---------- Data for analysis

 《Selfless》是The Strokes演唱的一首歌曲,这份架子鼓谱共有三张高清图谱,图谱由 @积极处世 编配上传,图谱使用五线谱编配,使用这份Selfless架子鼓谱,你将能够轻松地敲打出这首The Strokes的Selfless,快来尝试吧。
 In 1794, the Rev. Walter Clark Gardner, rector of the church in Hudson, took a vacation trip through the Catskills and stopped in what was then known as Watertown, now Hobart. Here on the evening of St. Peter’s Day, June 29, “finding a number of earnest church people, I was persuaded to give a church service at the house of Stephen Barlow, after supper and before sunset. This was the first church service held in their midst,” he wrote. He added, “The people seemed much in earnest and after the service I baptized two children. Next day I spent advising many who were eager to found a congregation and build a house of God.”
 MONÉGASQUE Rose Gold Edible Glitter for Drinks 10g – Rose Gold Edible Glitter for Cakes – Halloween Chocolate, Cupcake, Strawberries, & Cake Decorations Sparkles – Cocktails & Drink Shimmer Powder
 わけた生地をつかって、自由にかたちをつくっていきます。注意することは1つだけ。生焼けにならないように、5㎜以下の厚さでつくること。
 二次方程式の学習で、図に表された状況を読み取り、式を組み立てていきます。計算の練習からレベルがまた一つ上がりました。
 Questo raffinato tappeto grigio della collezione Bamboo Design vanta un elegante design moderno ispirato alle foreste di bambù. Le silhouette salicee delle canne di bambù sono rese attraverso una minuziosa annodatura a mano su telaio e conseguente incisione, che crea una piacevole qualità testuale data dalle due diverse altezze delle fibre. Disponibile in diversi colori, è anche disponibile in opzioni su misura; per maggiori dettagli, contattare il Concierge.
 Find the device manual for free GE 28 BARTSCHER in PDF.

--------------------

### Problem to work on
Here the output must be the lines above from the line with "MONÉGASQUE Rose Gold" to the line with "二次方程式の学習で、図に表さ", both included, duplicated word for word and nothing else.

### Completed exercise
 MONÉGASQUE Rose Gold Edible Glitter for Drinks 10g – Rose Gold Edible Glitter for Cakes – Halloween Chocolate, Cupcake, Strawberries, & Cake Decorations Sparkles – Cocktails & Drink Shimmer Powder
 わけた生地をつかって、自由にかたちをつくっていきます。注意することは1つだけ。生焼けにならないように、5㎜以下の厚さでつくること。
 二次方程式の学習で、図に表された状況を読み取り、式を組み立てていきます。計算の練習からレベルがまた一つ上がりました。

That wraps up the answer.